The Weald & Downland Open Air Museum is delighted to be awarded funding of over £9,000 from the Heritage Lottery Fund (HLF) to deliver their First World War Centenary events, which will run from 2 – 8 June 2014.

Awarded through HLF’s First World War then & now programme, the funding will be used to support week-long activities involving school groups culminating in a weekend event ‘Horses at War’.

Visitors will have the chance to understand how people living in the South Downs contributed to the war effort. There will be free activities for school groups, including recruitment and training of troops in Sussex (learning drills and filling sandbags) and the opportunity to find out about the effect of the war on food available in a recreated field kitchen both provided by Andy Robertshaw Battlefield Partnerships. There will be various displays across the site (e.g. from Singleton WI which was the first one to be founded in England in 1915) and demonstrations of charcoal-burning, hurdle making and forestry (including the Women’s Timber Corps), and visitors can discover how three of our buildings (home, church and smithy) were affected by the conflict.

Commenting on the funding award, Museum Director Richard Pailthorpe said “We are thrilled to have received the support of the Heritage Lottery Fund. This special weekend event to commemorate the centenary of the outbreak of the Great War and to celebrate the courage of horses on the battlefield and the home front, promises to be both a unique and extremely exciting occasion. Visitors will be able to see a spectacular collection of restored horse drawn agricultural and military vehicles dating from this time as well as displays of horsemanship by the 16th Lancers. In addition, visitors are invited to bring along medals, photos, war records and other ephemera to the Military Ancestry Road Show for identification or advice. I personally have letters written back home from the trenches by a great uncle who was killed by a sniper and will be bringing them along to find out more about his war service and where he is buried.”
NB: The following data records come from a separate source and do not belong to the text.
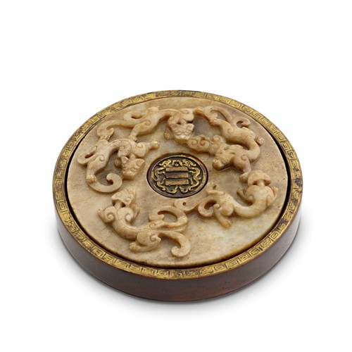 The front of the disc is carved with four chilong dragons, one of which is holding lingzhi sprays in its mouths. The reverse is carved with a dense pattern of raised bosses in the archaistic style. The mottled stone ranges from pale celadon to dark brown tones. It's mounted on a wooden stand, with a gilded key-fret border along the rim. At the centre, framed by a pair of kui dragons, is the classic "Three" character mark. In the I Ching, the number three corresponds to the "Qian" trigram; combined with the surrounding dragons, it forms an allusion to "Qianlong" subtly reinforcing the emperor' s authority while showcasing the ingenuity and skill of the craftsman.
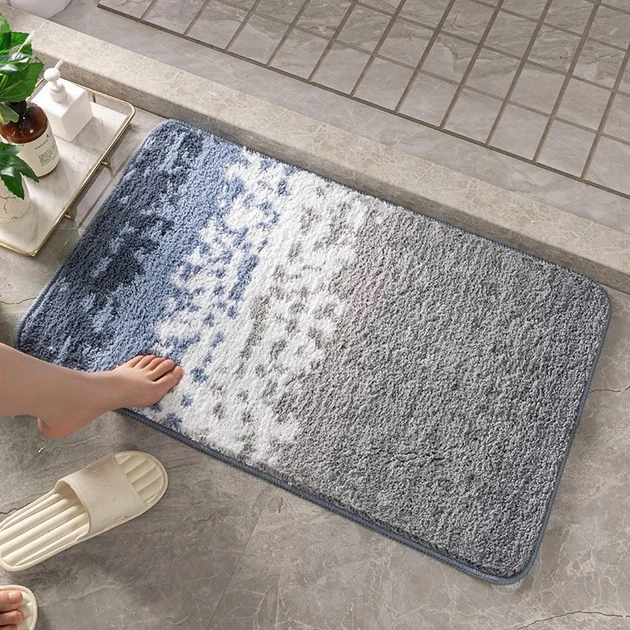 Килимок для ванної кімнати та душу килимок для ніг у ванну, мікрофібра, антиковзаючий 51х76 см, градієнт синій YFL1039blue
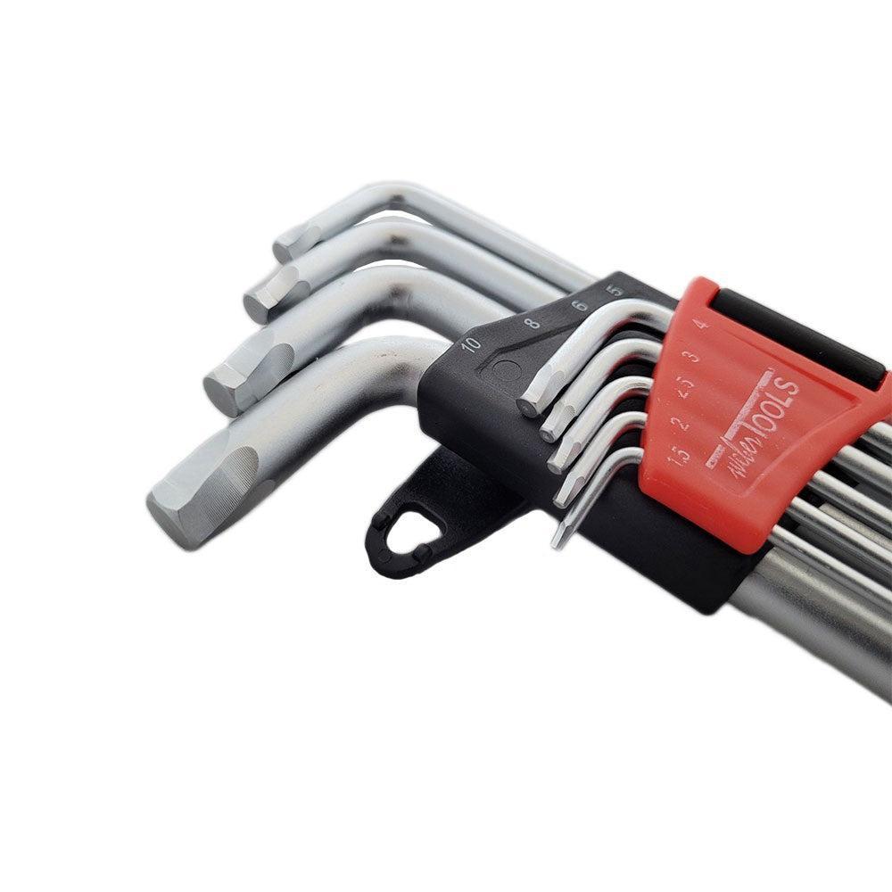 Ontdek de Magische Inbussleutelset, dé must-have toolset voor iedere doe-het-zelver en professional! Deze unieke haakse inbussleutelset omvat een complete reeks van maten, variërend van 1.5 mm tot 10 mm, zodat je altijd de juiste sleutel bij de hand hebt voor al je projecten.

Amongst the activities will be the opportunity to visit the Queens Own Royal West Kent Regiment Living History Group display and see their restored Great War horse-drawn water cart in action in the arena during the weekend. Fort Nelson Royal Armouries Museum will be displaying their First World War 16 Pounder Gun & Limber, a rare opportunity to see a horse-drawn Horse Ambulance, a 1900 Bognor Coal & Transport Dray will be on show by Sarah Billingshurst, there will be the opportunity to view Royal Corps Museums GS Wagons and readings on Saturday the 7th in the church from South Wonston with ‘Voices from the Great War’ - in both poetry and prose.
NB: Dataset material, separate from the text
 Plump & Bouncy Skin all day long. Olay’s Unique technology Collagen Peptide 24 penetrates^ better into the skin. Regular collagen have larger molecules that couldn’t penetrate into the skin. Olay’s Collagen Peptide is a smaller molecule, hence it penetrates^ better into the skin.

Visitors will be able to see the agricultural mechanical advancements made between horse power during the war and more state of the art machinery in WW2! The Many Fronts Living History display will be showing three elements of the British Home Front during WW2: An Air Raid Precautions (ARP) Post, dedicated to the protection of civilisations from the danger of air raids, a Women’s Voluntary Services member at her relief post for bombed out families and a member of the Home Guard patrolling the village checking the identities of strangers.

During the event, as visitors walk around the Museum, they will discover how the Home Front in the South Downs was involved in the war effort. Focusing particularly on the supply of charcoal and hurdles for the trench warfare, and how the Women’s Land Army and the Women’s Forestry Corps were founded at that time.

Explaining the importance of the HLF support, the Head of the HLF in the South East, Stuart McLeod, said “The impact of the First World War was far reaching, touching and shaping every corner of the UK and beyond. The Heritage Lottery Fund has already invested more than £47 million in projects – large and small – that are marking this global Centenary; with our new small grants programme, we are enabling even more communities like those involved in Horses at War at the Weald & Downland Open Air Museum, to explore the continuing legacy of this conflict and help local young people in particular, to broaden their understanding of how it has shaped our modern world.”